= Beginning of Section =

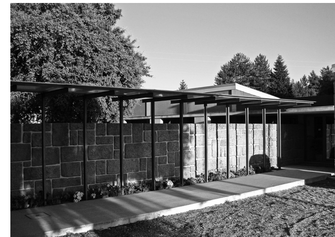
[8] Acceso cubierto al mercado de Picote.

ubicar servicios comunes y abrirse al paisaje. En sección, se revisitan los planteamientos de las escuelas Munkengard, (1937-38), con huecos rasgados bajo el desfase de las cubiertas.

= End of Section =
= Beginning of Section =

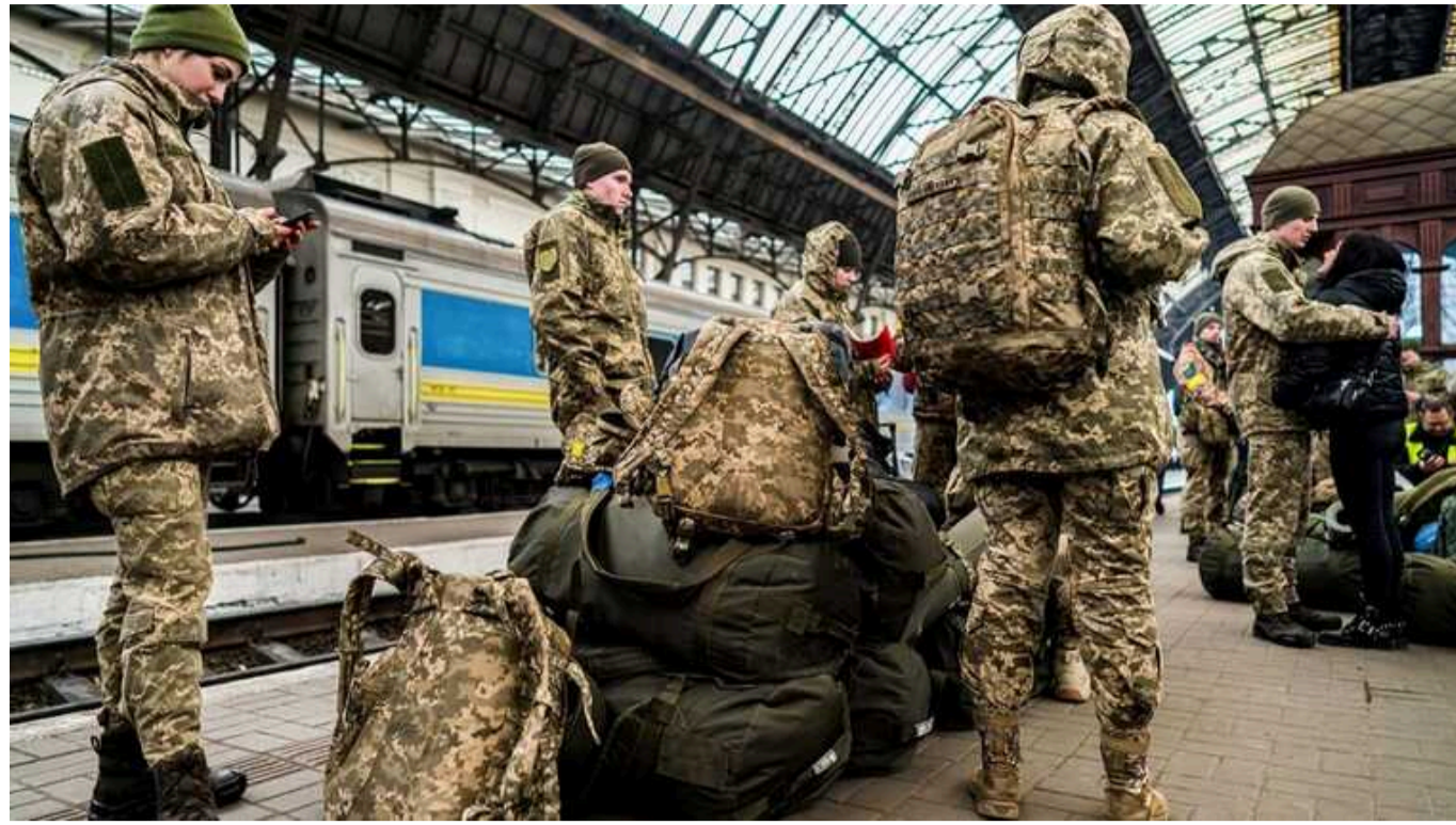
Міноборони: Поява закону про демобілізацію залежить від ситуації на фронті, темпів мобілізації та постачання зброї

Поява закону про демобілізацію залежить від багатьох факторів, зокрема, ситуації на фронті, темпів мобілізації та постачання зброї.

= End of Section =

* [Exercise description] In the data above, start at the line that has "[8] Acceso cubierto al mercado de Picote.", stop after the line that has "ubicar servicios comunes", and print every line in between exactly as it stands.

* [Expected answer]
[8] Acceso cubierto al mercado de Picote.

ubicar servicios comunes y abrirse al paisaje. En sección, se revisitan los planteamientos de las escuelas Munkengard, (1937-38), con huecos rasgados bajo el desfase de las cubiertas.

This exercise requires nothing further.